Par ailleurs, s’il est possible de transférer des données que nous comprenons intégralement, n’est-il pas possible, dès lors, de modifier ces données ? Une telle reprogrammation serait un outil redoutable de manipulation des esprits. À notre humble échelle d’humains du 21e siècle, nous sommes certes manipulables et manipulés à tour de bras (par les médias de masse, notamment), mais cela reste du pipi de chat comparé à un projet de cette ampleur. Imaginez une France où, au lieu de 4 millions, ce sont bel et bien 66 millions de Charlie qui défilent et qui sont absolument d’accord avec Caroline Fourest et BHL ?
L’épineux soucis philosophique ou religieux
Depuis très longtemps, l’Homme s’est posé des questions son environnement, son existence, le sens de la vie et bien évidemment, ce qu’il y a après.
Toutes ces questions ont été abondamment abordées au sein des plus grands courants religieux de l’Histoire, en passant par les religions monothéistes abrahamiques, les spiritualités asiatiques, les croyances païennes, l’astrologie, etc.
On remarque notamment que les civilisations qui ont perduré avaient généralement un rapport très étroit avec le Divin, l’Éternel. Ce qui est somme toute logique, puisque la croyance est l’un des aspects sociétaux fondamentaux qui peuvent galvaniser les troupes, les peuples, et leur donner les références morales et sociales nécessaires à leur prospérité sur le long terme. Bien entendu, il s’agit-là d’un seul facteur, l’Homme restant un être imparfait. Chaque société a donc connu un déclin plus ou moins important, pour des raisons variées.

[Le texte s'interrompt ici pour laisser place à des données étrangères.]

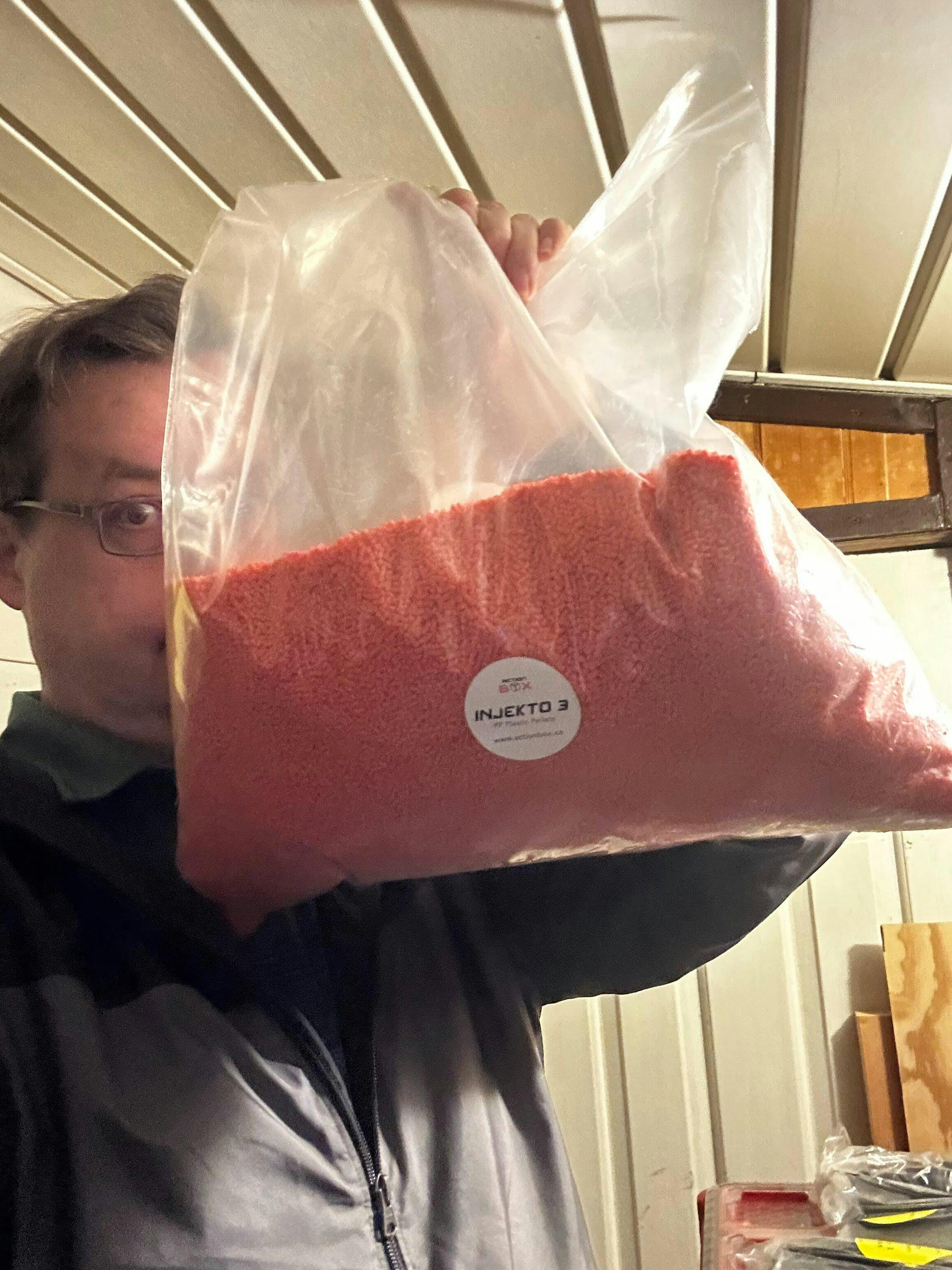 Bag of easy flow PP plastic pellets for use with injection molders for injection molding. Compatible with INJEKTO 3 by Action BOX.

Quoi qu’il en soit, le point commun de tous ces systèmes de croyance est qu’ils accordaient un caractère sacré à la vie et à la mort. Selon les croyances, l’âme retourne auprès de l’éternel ou se réincarne dans une nouvelle vie, à la recherche de la paix éternelle, pour clore un cycle. L’idée générale étant de s’améliorer pour être plus proche de l’éternité et de la paix.
Dans le cas que suppose cette immortalité numérique, non seulement l’âme ou la conscience de soi risque d’être perdue au sens propre (rien ne garantit son transfert effectif), mais également au sens figuré (la perdition). Car la recherche de l’immortalité dans ce bas monde est, en soi, un déni, un refus de suivre le cours naturel des choses. Qu’on le veuille ou non, on devra tous y passer… Et que l’on ait eu raison ou pas de croire en une entité divine, cela ne change rien au résultat final.
Conclusion
Pour toutes les raisons invoquées ci-dessus, il est bien évidemment préférable de tenter de résoudre les problèmes et de relever les défis qui se présentent à nous, ici et maintenant, que de chercher à atteindre l’immortalité matérielle.
Dans un but d’amélioration de soi et de notre société, il serait bon que chacun prenne, à l’occasion, le temps de se poser pour remettre en question l’existence, l’ordre pas si « naturel » des choses, et de se rapprocher de son intériorité. C’est ce qui fait de nous des êtres humains, et c’est ce qui nous différencie, par la force des choses, du modèle « robot-automate ».